What you should do: Leave every image behind and restate the data word for word.

Provided material:
------------

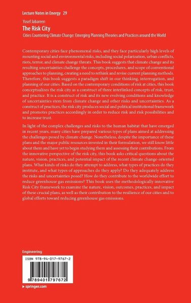 Contemporary cities face phenomenal risks, and they face particularly high levels of mounting social and environmental risks, including social polarization, urban conflicts, riots, terror, and climate change threats. This book suggests that climate change and its resulting uncertainties challenge the concepts, procedures, and scope of conventional approaches to planning, creating a need to rethink and revise current planning methods. Therefore, this book suggests a paradigm shift in our thinking, interrogation, and planning of our cities. Based on the contemporary conditions of risk at cities, this book conceptualizes the risk city as a construct of three interlinked concepts of risk, trust, and practice. It is a construct of risk and its new evolving conditions and knowledge of uncertainties stem from climate change and other risks and uncertainties. As a construct of practices, the risk city produces social and political institutional framework and promotes practices accordingly in order to reduce risk and risk possibilities and to increase trust.
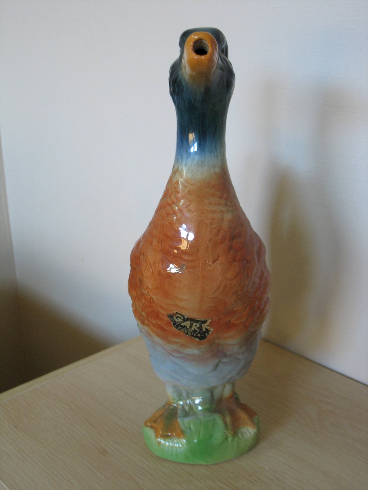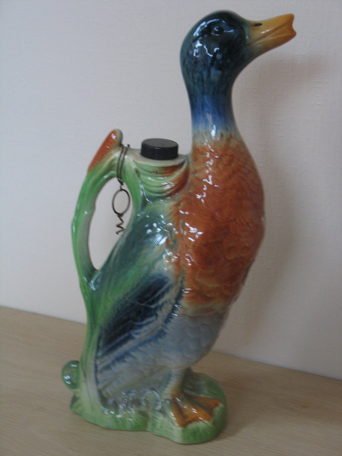 Superbe flacon à liqueur en faïence colorée représentant un canard.
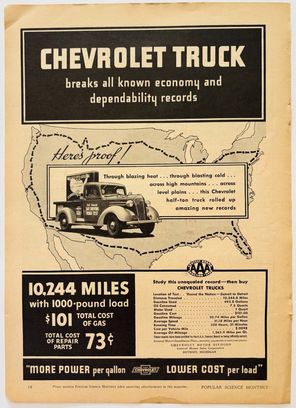 1937 Chevrolet Trucks Travel Records Advertisement Automobilia AAA Chevy E90F2

------------

Solution for this exercise:
 Contemporary cities face phenomenal risks, and they face particularly high levels of mounting social and environmental risks, including social polarization, urban conflicts, riots, terror, and climate change threats. This book suggests that climate change and its resulting uncertainties challenge the concepts, procedures, and scope of conventional approaches to planning, creating a need to rethink and revise current planning methods. Therefore, this book suggests a paradigm shift in our thinking, interrogation, and planning of our cities. Based on the contemporary conditions of risk at cities, this book conceptualizes the risk city as a construct of three interlinked concepts of risk, trust, and practice. It is a construct of risk and its new evolving conditions and knowledge of uncertainties stem from climate change and other risks and uncertainties. As a construct of practices, the risk city produces social and political institutional framework and promotes practices accordingly in order to reduce risk and risk possibilities and to increase trust.
 Superbe flacon à liqueur en faïence colorée représentant un canard.
 1937 Chevrolet Trucks Travel Records Advertisement Automobilia AAA Chevy E90F2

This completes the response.